9. What message would you like to give to all startup founders out there?

Don’t be afraid to follow your dreams. Realize that honesty, integrity, and work ethics are values that cannot be compromised in the workplace. Pakistan is an untapped market for IT, but will soon have a booming IT sector that will be invested in heavily by foreign investors. This is a lengthy process though – firstly, and most importantly, security in the country has to improve, and then foreigners have to be educated about the startup ecosystem in the country. Most of all, if all Pakistanis were more punctual and disciplined in their careers, our country would be able to instantly pick itself up from the quagmire it is currently in.

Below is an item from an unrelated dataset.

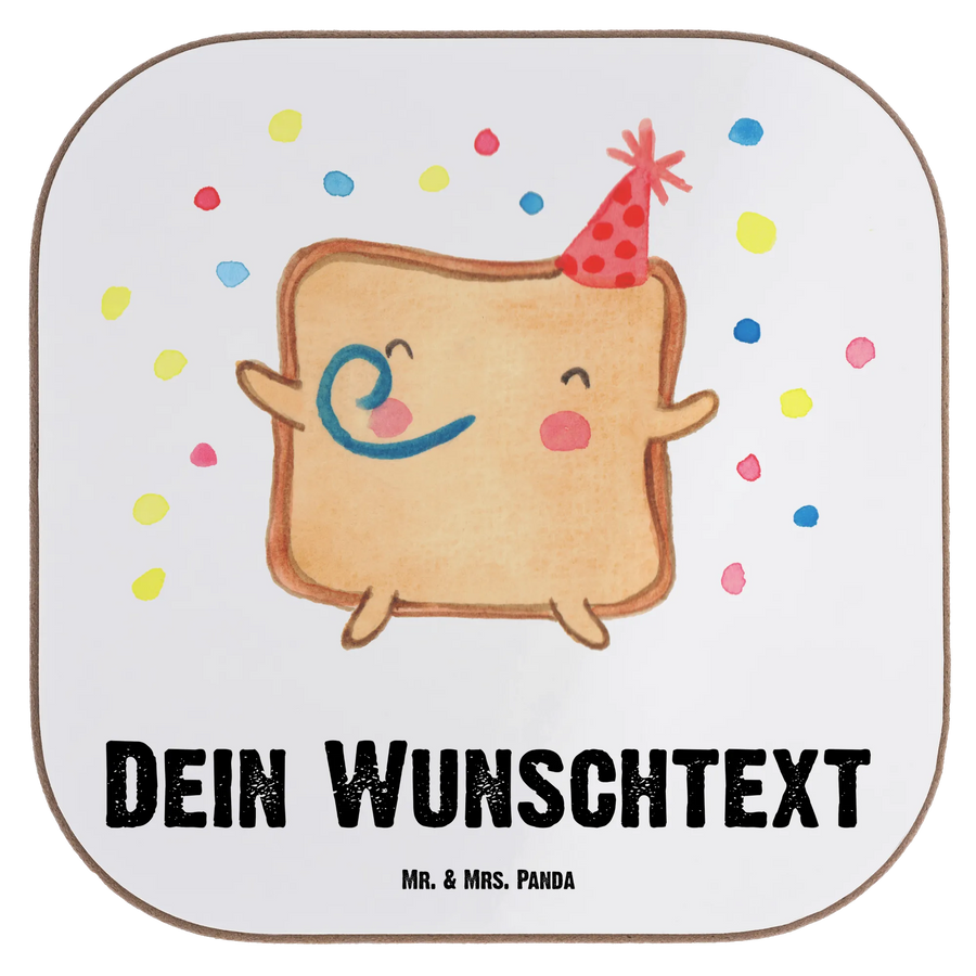 Mit seinem charmanten Design zeigt der Toast mit seinem lächelnden Gesicht und dem lustigen Partyhut, dass jeder Anlass ein Grund zum Feiern ist. Die Maße von 100 mm x 100 mm und die robuste Dicke von 5 mm machen den Untersetzer zu einem stabilen und funktionalen Accessoire für jeden Ess- oder Couchtisch. Er schützt deinen Tisch vor unschönen Abdrücken, Kratzern und extremen Temperaturen und hat zudem eine glänzende, hochwertige Oberfläche, die jedes Getränk gebührend in Szene setzt!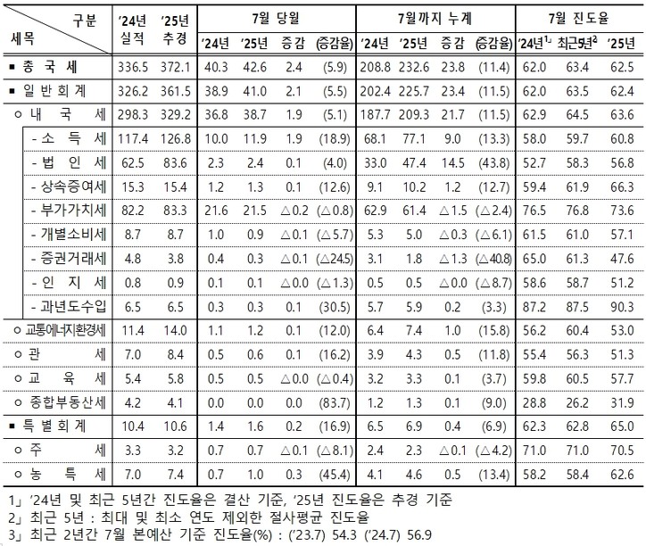 소득세도 증가했다. 소득세는 7월까지 77조1000억원이 걷히면서 전년보다 9조원이 증가했다. 성과급 지급이 늘고, 근로자수 증가에 따른 근로소득세가 증가했다. 해외주식 호조 등으로 양도소득세가 늘어난 것으로도 나타났다.

10.  What are some of the biggest inhibitions to the startup industry realizing its full potential in Pakistan

  1. Not getting enough investment from Pakistan’s wealthiest donors.
  2. No return on investment for startups at this stage in time.
  3. Factors such as impact, growth, and potential job creation are overlooked when investments are considered

11. What are the top qualities required to running a successful startup?

  1. Decency – not being rude or crass
  2. Engaging with the right people so collaborations can be made (networking)
  3. Talent
  4. Hard Work
  5. Altruism – giving back to the ecosystem – either through job creation, recommending collaborations between companies, or giving good press – without expecting anything in return.